• Problem to work on:
Starting at the line that holds "Take HR Leader" and stopping at the line that holds "-摘桃子:主角多米与猴子的互", restate the records below word for word, with both of those lines included.

• Entries provided:
--- START ---

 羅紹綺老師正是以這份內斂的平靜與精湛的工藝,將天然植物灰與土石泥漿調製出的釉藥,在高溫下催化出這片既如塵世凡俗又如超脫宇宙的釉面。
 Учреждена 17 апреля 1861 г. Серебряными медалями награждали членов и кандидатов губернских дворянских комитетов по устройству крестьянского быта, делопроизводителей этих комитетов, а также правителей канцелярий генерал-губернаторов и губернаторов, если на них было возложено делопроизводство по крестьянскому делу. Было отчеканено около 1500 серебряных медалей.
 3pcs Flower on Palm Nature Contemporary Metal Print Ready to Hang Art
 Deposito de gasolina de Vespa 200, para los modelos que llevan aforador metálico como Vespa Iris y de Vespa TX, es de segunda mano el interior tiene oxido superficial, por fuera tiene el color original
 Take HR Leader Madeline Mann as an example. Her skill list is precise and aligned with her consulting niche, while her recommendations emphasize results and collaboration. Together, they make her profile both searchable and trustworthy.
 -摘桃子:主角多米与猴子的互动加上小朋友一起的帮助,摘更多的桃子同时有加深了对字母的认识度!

--- END ---
--- START ---

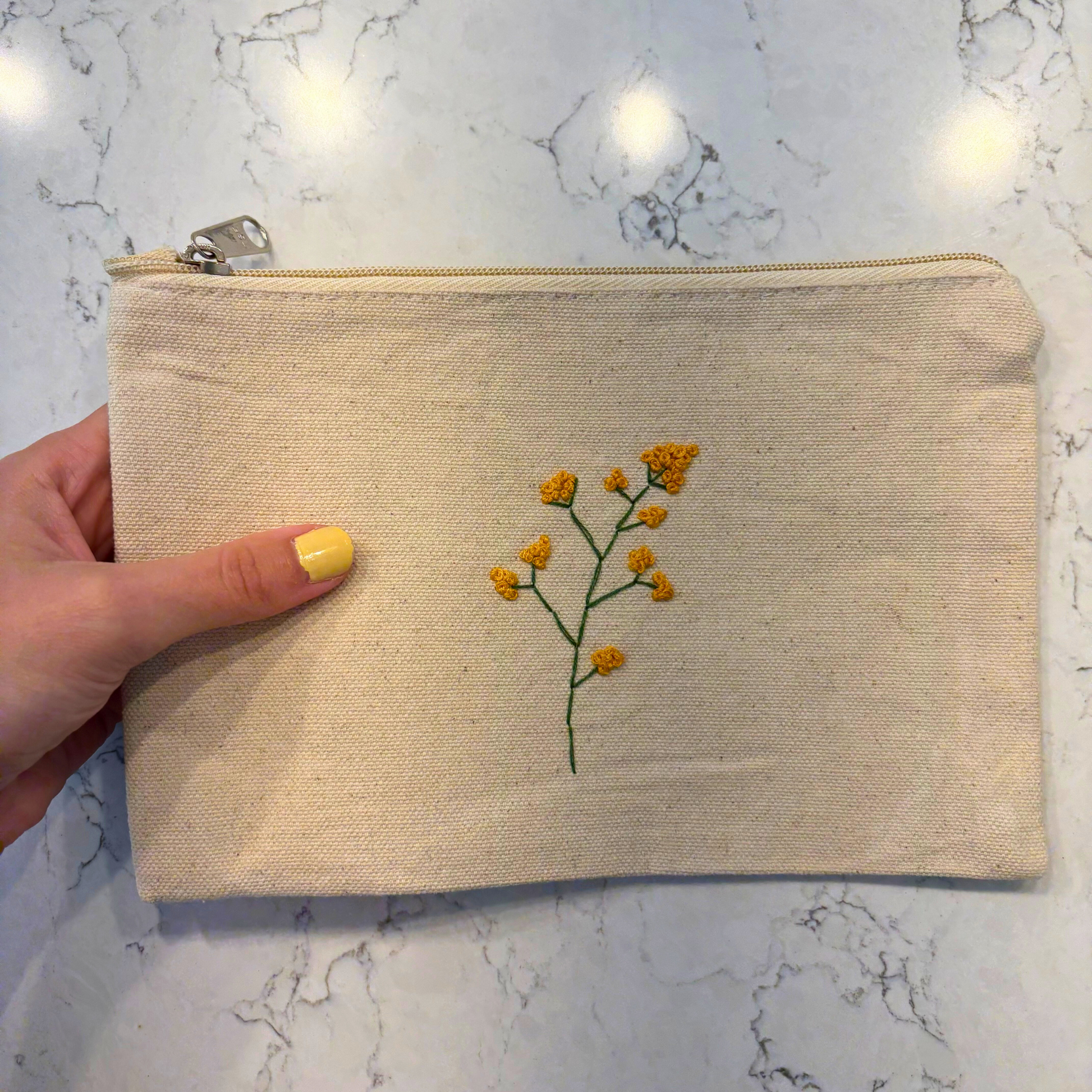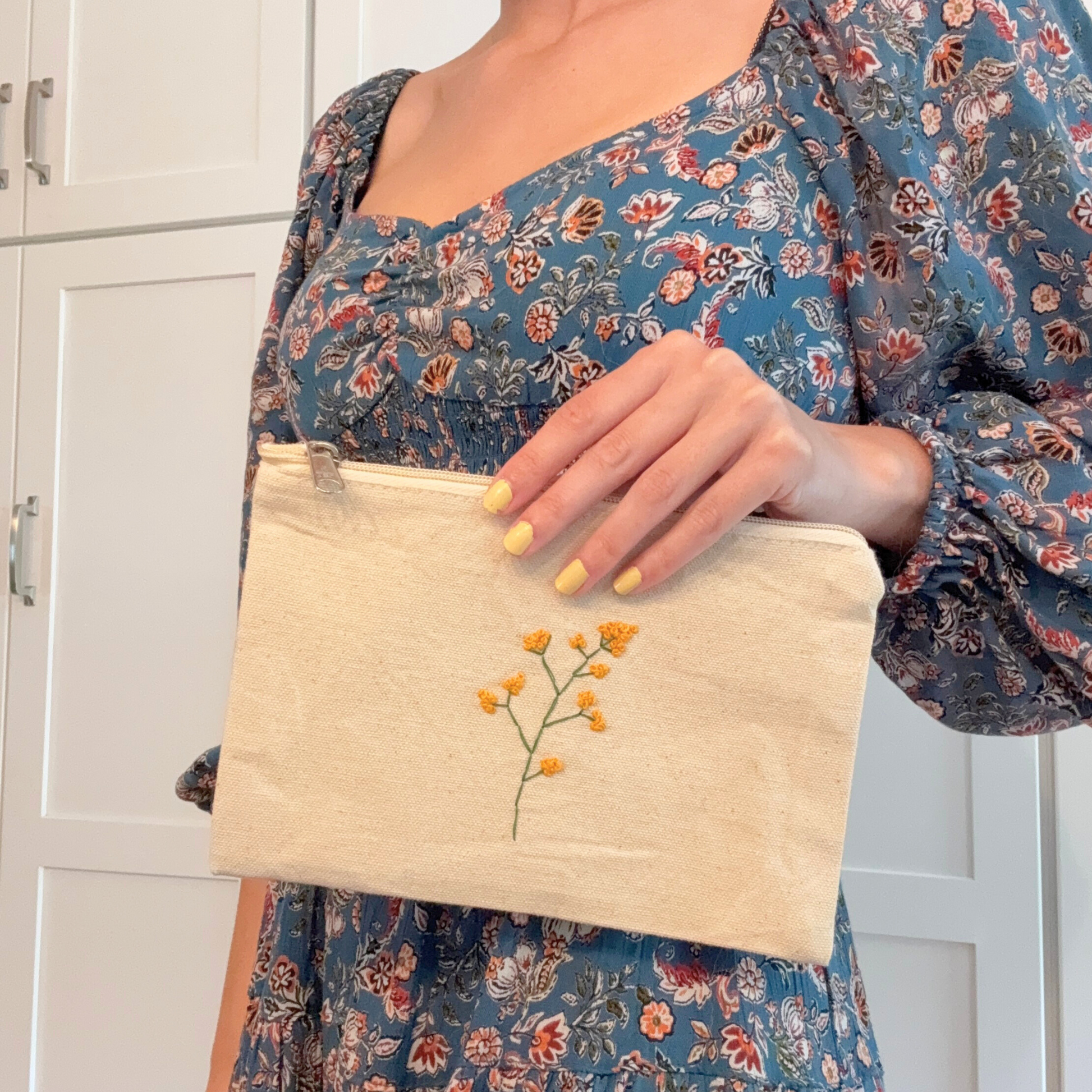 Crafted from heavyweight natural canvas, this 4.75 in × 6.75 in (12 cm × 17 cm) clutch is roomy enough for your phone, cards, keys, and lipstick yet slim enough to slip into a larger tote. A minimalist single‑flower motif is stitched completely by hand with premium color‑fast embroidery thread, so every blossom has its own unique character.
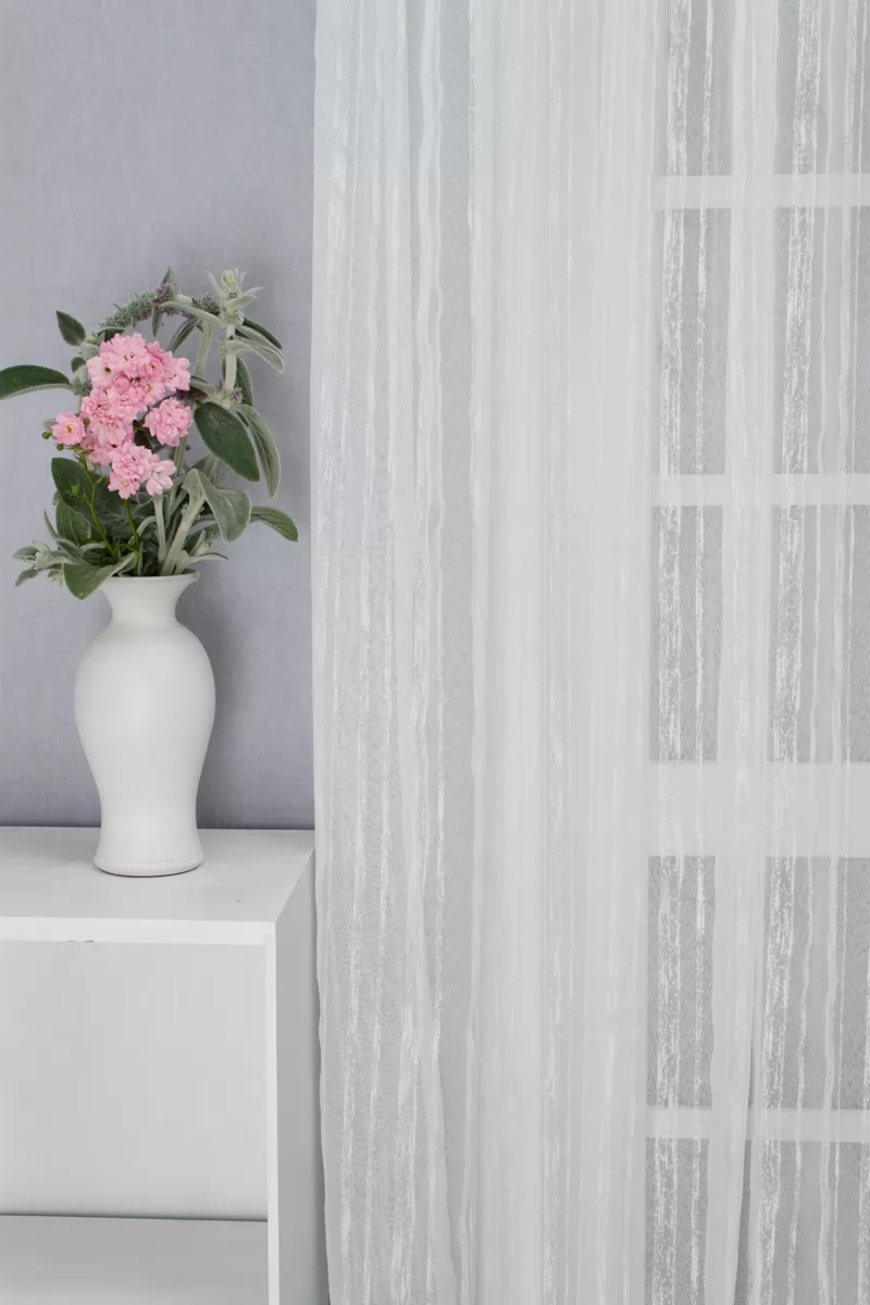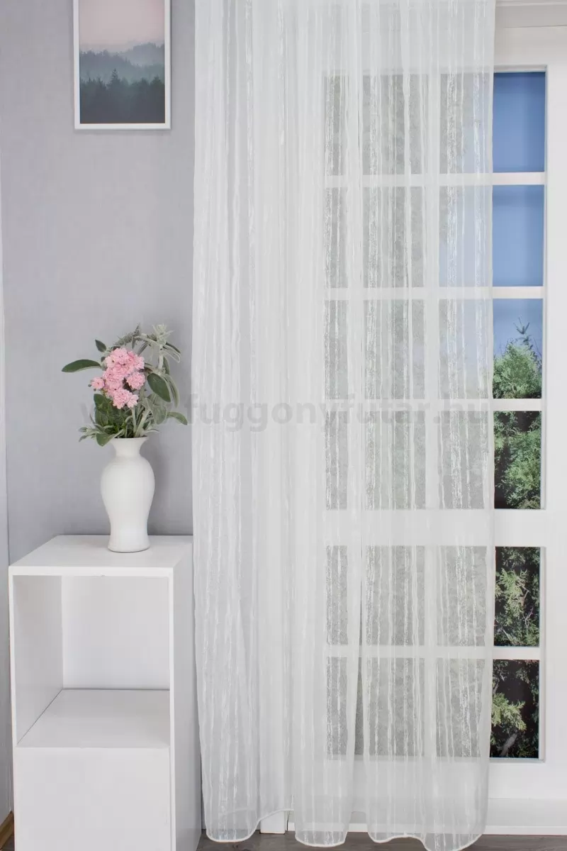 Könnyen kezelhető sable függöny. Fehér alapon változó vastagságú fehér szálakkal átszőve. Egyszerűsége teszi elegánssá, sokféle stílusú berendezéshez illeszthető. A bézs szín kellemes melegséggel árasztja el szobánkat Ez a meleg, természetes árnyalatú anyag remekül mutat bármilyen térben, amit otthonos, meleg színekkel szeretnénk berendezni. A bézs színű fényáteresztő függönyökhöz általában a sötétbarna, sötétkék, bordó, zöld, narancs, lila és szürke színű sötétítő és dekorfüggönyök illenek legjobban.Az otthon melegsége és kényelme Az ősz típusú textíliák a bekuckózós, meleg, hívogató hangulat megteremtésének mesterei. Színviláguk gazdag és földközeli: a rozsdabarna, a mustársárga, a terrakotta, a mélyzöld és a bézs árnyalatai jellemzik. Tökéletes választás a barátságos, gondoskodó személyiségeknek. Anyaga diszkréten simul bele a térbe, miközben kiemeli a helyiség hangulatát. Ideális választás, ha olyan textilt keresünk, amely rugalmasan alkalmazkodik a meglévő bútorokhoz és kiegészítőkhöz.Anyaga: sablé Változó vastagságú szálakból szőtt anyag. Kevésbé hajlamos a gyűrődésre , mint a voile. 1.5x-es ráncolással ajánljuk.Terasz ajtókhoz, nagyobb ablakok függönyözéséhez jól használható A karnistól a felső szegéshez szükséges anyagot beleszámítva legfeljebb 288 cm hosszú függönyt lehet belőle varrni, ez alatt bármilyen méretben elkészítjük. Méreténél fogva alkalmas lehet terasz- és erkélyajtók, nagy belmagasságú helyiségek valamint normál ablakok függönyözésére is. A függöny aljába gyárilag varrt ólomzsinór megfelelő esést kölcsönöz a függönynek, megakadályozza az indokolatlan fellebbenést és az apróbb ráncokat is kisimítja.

--- END ---
--- START ---

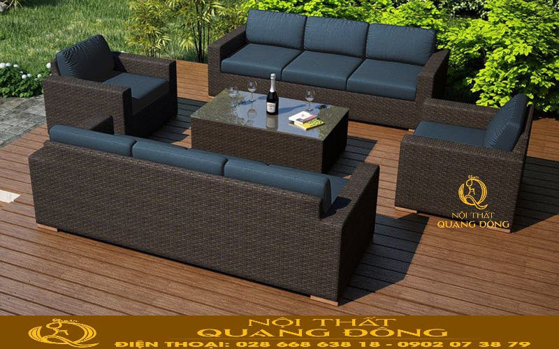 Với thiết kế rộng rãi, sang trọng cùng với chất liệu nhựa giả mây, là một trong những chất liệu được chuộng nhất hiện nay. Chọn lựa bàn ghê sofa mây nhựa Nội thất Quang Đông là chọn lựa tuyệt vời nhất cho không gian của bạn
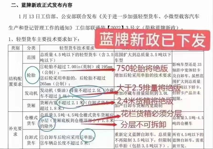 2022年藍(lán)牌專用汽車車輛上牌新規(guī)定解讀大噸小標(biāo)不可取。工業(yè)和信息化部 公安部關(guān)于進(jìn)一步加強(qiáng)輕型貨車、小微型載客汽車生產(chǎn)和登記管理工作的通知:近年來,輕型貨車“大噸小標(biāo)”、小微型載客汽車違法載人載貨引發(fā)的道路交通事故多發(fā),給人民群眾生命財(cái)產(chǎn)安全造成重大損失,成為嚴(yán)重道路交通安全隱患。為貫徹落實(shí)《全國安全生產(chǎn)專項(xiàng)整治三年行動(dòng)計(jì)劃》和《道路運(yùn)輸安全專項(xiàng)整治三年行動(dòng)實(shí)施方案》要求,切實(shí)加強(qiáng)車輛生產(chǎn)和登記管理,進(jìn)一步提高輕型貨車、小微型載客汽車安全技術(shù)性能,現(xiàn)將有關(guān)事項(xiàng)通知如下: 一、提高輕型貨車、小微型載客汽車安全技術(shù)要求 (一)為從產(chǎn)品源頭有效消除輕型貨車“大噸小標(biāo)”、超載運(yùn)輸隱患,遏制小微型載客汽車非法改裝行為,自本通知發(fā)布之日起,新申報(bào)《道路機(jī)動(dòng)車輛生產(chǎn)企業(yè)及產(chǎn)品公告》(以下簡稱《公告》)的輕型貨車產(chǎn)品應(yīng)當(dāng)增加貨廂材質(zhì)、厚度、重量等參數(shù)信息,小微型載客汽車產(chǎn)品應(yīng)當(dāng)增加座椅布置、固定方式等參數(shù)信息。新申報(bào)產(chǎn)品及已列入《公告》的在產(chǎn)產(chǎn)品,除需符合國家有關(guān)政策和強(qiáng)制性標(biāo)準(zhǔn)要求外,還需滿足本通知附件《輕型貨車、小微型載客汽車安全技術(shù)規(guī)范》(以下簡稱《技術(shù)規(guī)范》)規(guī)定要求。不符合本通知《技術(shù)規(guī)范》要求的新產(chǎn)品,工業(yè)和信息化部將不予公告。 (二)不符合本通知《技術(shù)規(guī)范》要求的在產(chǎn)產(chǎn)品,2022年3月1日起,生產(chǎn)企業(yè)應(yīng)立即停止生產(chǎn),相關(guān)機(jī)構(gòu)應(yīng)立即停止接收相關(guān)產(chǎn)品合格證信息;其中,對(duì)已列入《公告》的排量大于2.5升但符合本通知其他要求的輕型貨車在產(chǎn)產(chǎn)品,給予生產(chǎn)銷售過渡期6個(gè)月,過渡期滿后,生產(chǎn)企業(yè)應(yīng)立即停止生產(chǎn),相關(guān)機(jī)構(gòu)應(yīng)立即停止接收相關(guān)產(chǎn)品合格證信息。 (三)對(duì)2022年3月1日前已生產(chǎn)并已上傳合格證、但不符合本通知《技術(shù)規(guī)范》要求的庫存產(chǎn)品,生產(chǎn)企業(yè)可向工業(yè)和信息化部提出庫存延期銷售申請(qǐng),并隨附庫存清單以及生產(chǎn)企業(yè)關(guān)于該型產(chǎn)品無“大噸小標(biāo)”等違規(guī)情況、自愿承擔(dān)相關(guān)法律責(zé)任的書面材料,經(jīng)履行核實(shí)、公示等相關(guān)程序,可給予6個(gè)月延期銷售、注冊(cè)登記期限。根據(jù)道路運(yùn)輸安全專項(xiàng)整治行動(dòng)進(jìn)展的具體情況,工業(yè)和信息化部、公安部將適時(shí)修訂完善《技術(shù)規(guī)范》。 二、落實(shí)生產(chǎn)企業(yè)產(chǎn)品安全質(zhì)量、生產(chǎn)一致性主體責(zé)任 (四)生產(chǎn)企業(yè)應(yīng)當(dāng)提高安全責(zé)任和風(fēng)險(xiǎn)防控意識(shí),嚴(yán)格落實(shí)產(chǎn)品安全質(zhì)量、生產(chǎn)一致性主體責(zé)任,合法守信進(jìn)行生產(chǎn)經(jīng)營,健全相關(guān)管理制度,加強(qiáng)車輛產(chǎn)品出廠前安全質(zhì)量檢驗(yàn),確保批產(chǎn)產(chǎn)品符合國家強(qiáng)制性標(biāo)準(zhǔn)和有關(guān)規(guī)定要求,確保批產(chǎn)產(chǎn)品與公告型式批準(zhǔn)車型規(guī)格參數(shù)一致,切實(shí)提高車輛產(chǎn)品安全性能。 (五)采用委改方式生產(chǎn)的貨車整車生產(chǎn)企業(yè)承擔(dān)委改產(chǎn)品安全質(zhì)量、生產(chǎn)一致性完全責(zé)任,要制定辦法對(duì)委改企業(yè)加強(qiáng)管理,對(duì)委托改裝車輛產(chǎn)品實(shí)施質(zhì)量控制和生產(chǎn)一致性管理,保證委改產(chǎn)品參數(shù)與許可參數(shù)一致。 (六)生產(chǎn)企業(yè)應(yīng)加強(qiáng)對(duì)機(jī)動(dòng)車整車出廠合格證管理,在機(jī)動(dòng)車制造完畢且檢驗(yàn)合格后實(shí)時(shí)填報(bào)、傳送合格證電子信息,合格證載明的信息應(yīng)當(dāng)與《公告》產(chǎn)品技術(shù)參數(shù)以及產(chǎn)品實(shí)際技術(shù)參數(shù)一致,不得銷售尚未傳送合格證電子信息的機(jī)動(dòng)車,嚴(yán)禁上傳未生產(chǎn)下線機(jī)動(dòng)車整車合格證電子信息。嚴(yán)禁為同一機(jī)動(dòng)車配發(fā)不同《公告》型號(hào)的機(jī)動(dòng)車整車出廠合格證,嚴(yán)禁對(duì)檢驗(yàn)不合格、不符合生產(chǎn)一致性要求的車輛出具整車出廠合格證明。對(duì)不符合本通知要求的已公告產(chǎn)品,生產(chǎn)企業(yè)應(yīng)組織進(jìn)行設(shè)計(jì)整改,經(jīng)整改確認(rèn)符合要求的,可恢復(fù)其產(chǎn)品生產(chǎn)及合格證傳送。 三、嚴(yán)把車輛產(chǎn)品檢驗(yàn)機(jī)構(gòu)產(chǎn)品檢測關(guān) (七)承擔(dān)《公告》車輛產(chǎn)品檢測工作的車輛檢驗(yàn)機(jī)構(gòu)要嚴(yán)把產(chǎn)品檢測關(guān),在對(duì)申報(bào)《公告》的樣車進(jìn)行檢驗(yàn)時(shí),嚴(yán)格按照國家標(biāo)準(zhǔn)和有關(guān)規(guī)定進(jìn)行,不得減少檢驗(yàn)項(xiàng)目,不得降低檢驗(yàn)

--- END ---

• Solution to the problem:
 Take HR Leader Madeline Mann as an example. Her skill list is precise and aligned with her consulting niche, while her recommendations emphasize results and collaboration. Together, they make her profile both searchable and trustworthy.
 -摘桃子:主角多米与猴子的互动加上小朋友一起的帮助,摘更多的桃子同时有加深了对字母的认识度!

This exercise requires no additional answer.